Je laissai tomber la tablette comme si elle était en feu. J'ai traversé la maison en titubant jusqu'à ce que je trouve la chambre qu'il m'avait préparée. C'était une réplique parfaite de mon ancienne chambre, remplie de mon matériel de dessin, de mes livres, de ma vie. C'était une parodie.
J'ai vu la photo encadrée sur ma table de chevet. Une photo de Cédric et moi, prise lors de notre premier anniversaire. Nous souriions, heureux. Amoureux. Un mensonge.
Avec un sanglot étranglé, j'ai attrapé le cadre et l'ai fracassé contre le mur. Le verre vola en éclats.
J'ai saccagé la pièce comme une tornade, détruisant tout ce qui me rappelait lui, nous. J'ai brisé mes stylets numériques, mes outils de travail, la chose même que Chloé m'avait enviée. J'ai déchiré les lettres d'amour qu'il m'avait envoyées en prison, chaque mot d'affection une blague cruelle.
La porte s'ouvrit à la volée. Cédric se tenait là, le visage furieux. « Mais qu'est-ce que tu fous ? »

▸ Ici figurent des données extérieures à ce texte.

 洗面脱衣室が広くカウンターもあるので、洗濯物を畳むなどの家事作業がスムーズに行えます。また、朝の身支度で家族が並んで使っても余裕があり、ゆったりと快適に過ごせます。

Je me suis tournée vers lui, la poitrine haletante. « Je me débarrasse des ordures. »
« Tu es folle ? »
« Peut-être », dis-je, un calme étrange m'envahissant. « Les médecins de la prison ont dit que le cancer dans mon cerveau pouvait provoquer des sautes d'humeur. »

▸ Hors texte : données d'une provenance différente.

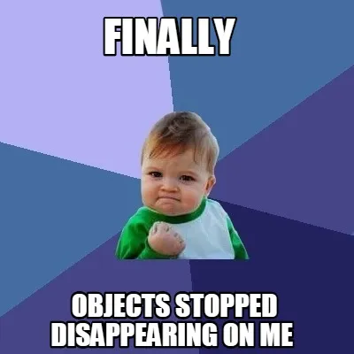 Finally objects stopped disappearing on me Meme Template
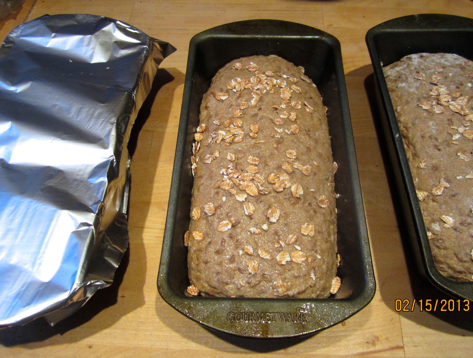| Covered loosely with foil, the bread is ready for the oven (no second rise!) |
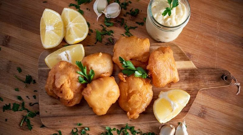 Βουτήξτε το μπακαλιάρο στο κουρκούτι και τηγανίστε σε δυνατή φωτιά μέχρι να αποκτήσει χρυσαφένιο χρώμα.
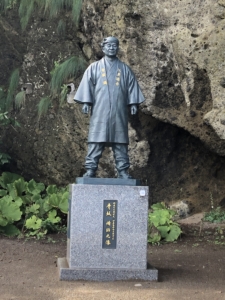 江差追分の功労者の銅像 独特の哀愁を帯びた江差追分は、ニシン交易の船乗りたちによって信州から伝わったとされています。 足元のボタンを押すと、江差追分の歌が流れてきます。

Sa colère vacilla, remplacée par une lueur de... quelque chose. Ce n'était pas de l'inquiétude. C'était de l'agacement. Une autre complication dans son plan parfait.
Il essaya de me prendre dans ses bras. « Aaliyah, ma chérie... »
Je le repoussai. « Ne me touche pas. »
Son téléphone sonna de nouveau. Il jeta un coup d'œil à l'identifiant de l'appelant, puis à moi, la mâchoire crispée d'irritation. C'était Chloé. Bien sûr que c'était Chloé.
« Reste ici », ordonna-t-il, et il sortit en fermant la porte derrière lui.
Je m'effondrai sur le sol au milieu des débris de mon passé. Une alerte d'information illumina l'écran de sa tablette oubliée. C'était une retransmission en direct d'un événement sur tapis rouge. Et là, il y avait Cédric, souriant aux caméras, avec Chloé Lambert à son bras. Le titre disait : « Le magnat de la tech Cédric de Villiers et l'artiste Chloé Lambert : le couple de pouvoir ultime ? »
Ils n'essayaient même plus de se cacher. Je n'étais qu'un fantôme dans leur histoire triomphale.